> _Task to complete_
Please retype the entries below exactly, only from their first line through the line containing "numérotation des statues", leaving every picture out.

> _Records to use_
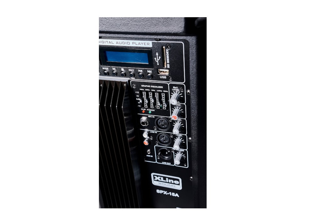 Xline SPX-15A — профессиональная 2-полосная активная акустическая система общей мощностью RMS 350 Вт (300 + 50 Вт). SPX-15A работает в режиме Bi-Amp, что гарантирует чистое и мощное звучание. В основе этой модели от Xline — 15″ низкочастотный динамик и 1,75″ высокочастотный титановый драйвер. Они обеспечивают воспроизведение в частотном диапазоне 45-20 000 Гц и максимальное звуковое давление 124 дБ.
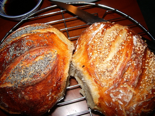 最棒的是每次想要作麵包時, 隨時從冰箱的保鮮盒中拿取一團發酵好的麵團, 一個小時後就有香噴噴的麵包可以吃了.
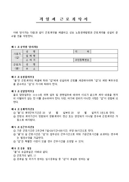 격일제 근무를 원칙으로 한다는 내용의 근로계약서입니다. 약정 당사자, 성실의무, 담당직무, 계약기간 등 16개 조항으로 구성되어있습니다.
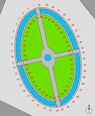 ![]() Plan de l'isola memmia avec la numérotation des statues
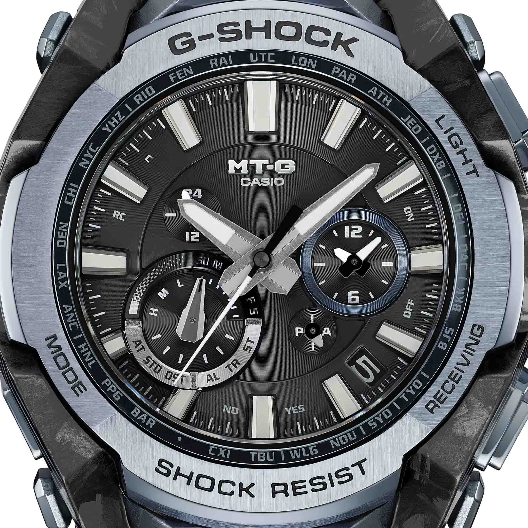 Мужские радиоуправляемые часы Casio G-Shock Premium MTG-B4000B-1A2DR с функцией Tough Solar — это технологичный аксессуар, сочетающий в себе устойчивость к внешним воздействиям и высокую точность. Модель выполнена из углерода и нержавеющей стали, что придаёт ей прочность и устойчивость к царапинам. Корпус имеет размеры 56,6x45,3x14,4 мм, а его вес составляет 112 г. Защиту механизма обеспечивает сапфировое стеклоСапфировое стеклоПрочный и надёжный материал из кристалла сапфира синтетического происхождения, характеризующийся особой твёрдостью и устойчивостью к царапинам и повреждениям. с антибликовым покрытиемАнтибликовое покрытиеСлой оксида металла в 0,13-0,3 микрон, благодаря которому стекло часов не бликует и не отражает свет. Антибликовое покрытие уменьшает отражение света в 10 раз, обеспечивая отличную читаемость показателей циферблата., устойчивое к повреждениям. Заводная головка с винтовым замком обеспечивает надёжную фиксацию на запястье. Браслет выполнен из смолы, а его ширина регулируется от 145 до 215 мм. Часы оснащены функцией радиоуправления с многодиапазонным приёмом сигнала (DCF77, MSF, WWVB, JJY, BPC), что позволяет автоматически настраивать время по всему миру. Система Bluetooth подключается к смартфону, обеспечивая автоматическую синхронизацию времени и простоту настройки. Часы поддерживают 39 часовых поясов, включая всемирное координированное время, и автоматически переключаются на летнее время. Функциональность модели включает секундомер с точностью до секунды, таймер обратного отсчёта (до 24 часов), будильник, светодиодную подсветку Super Illuminator и полный автоматический календарь до 2099 года. Водонепроницаемость позволяет использовать модель при плавании и других водных активностях без глубокого погружения. Эти часы станут универсальным аксессуаром для тех, кто ценит сочетание стиля, функциональности и надёжности — идеальный выбор для повседневной носки и активного образа жизни.
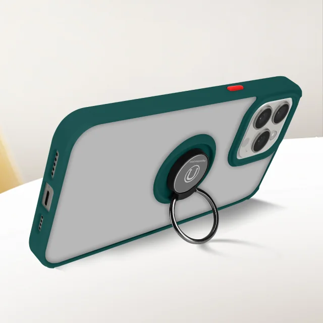 Ovitek za iPhone 15 Pro, kovinski nosilec obroca, serija Ringrip - zelen
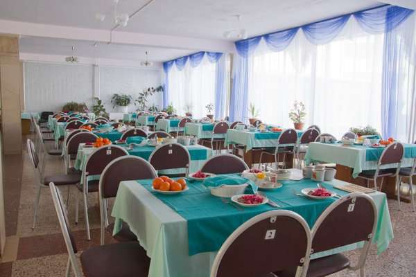 Отдыхающие питаются в двухэтажной столовой, рассчитанной на 500 посадочных мест. Завтраки, обеды и ужины, которыми угощают гостей санатория, способны удовлетворить самого изысканного клиента.
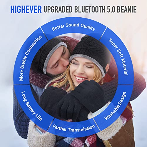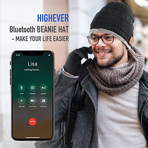 HIGHEVER Bluetooth Beanie Hat Stocking Stuffers for Men Women V5.0 Wireless Musical Bluetooth Cap Beanie with Speaker…
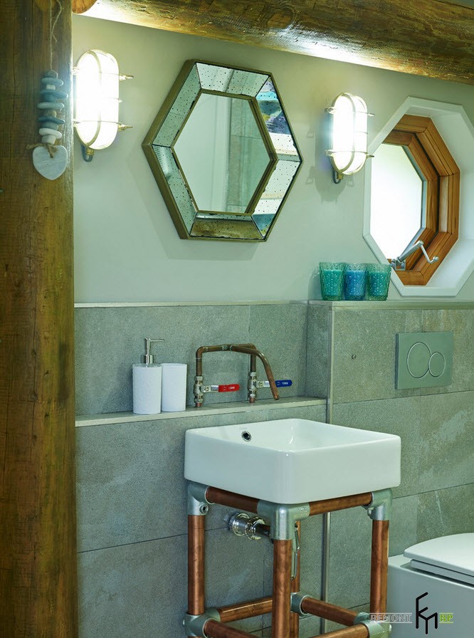 Интерьер ванной комнаты близок к стилю лофт: необычная конструкция смесителей и подставки под раковину, светильники. Однако деревянные детали смягчают грубоватость таких деталей. Форма зеркала рифмуется с конфигурацией окна:
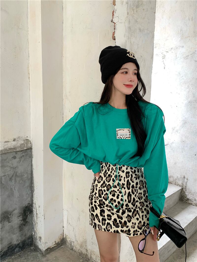 ギャザーウェストTシャツ ルーズカジュアルトップス レオパードプリント柄ハイウェストスカート セブンプリンセス57483755654

> _Reply_
 Xline SPX-15A — профессиональная 2-полосная активная акустическая система общей мощностью RMS 350 Вт (300 + 50 Вт). SPX-15A работает в режиме Bi-Amp, что гарантирует чистое и мощное звучание. В основе этой модели от Xline — 15″ низкочастотный динамик и 1,75″ высокочастотный титановый драйвер. Они обеспечивают воспроизведение в частотном диапазоне 45-20 000 Гц и максимальное звуковое давление 124 дБ.
 最棒的是每次想要作麵包時, 隨時從冰箱的保鮮盒中拿取一團發酵好的麵團, 一個小時後就有香噴噴的麵包可以吃了.
 격일제 근무를 원칙으로 한다는 내용의 근로계약서입니다. 약정 당사자, 성실의무, 담당직무, 계약기간 등 16개 조항으로 구성되어있습니다.
 ![]() Plan de l'isola memmia avec la numérotation des statues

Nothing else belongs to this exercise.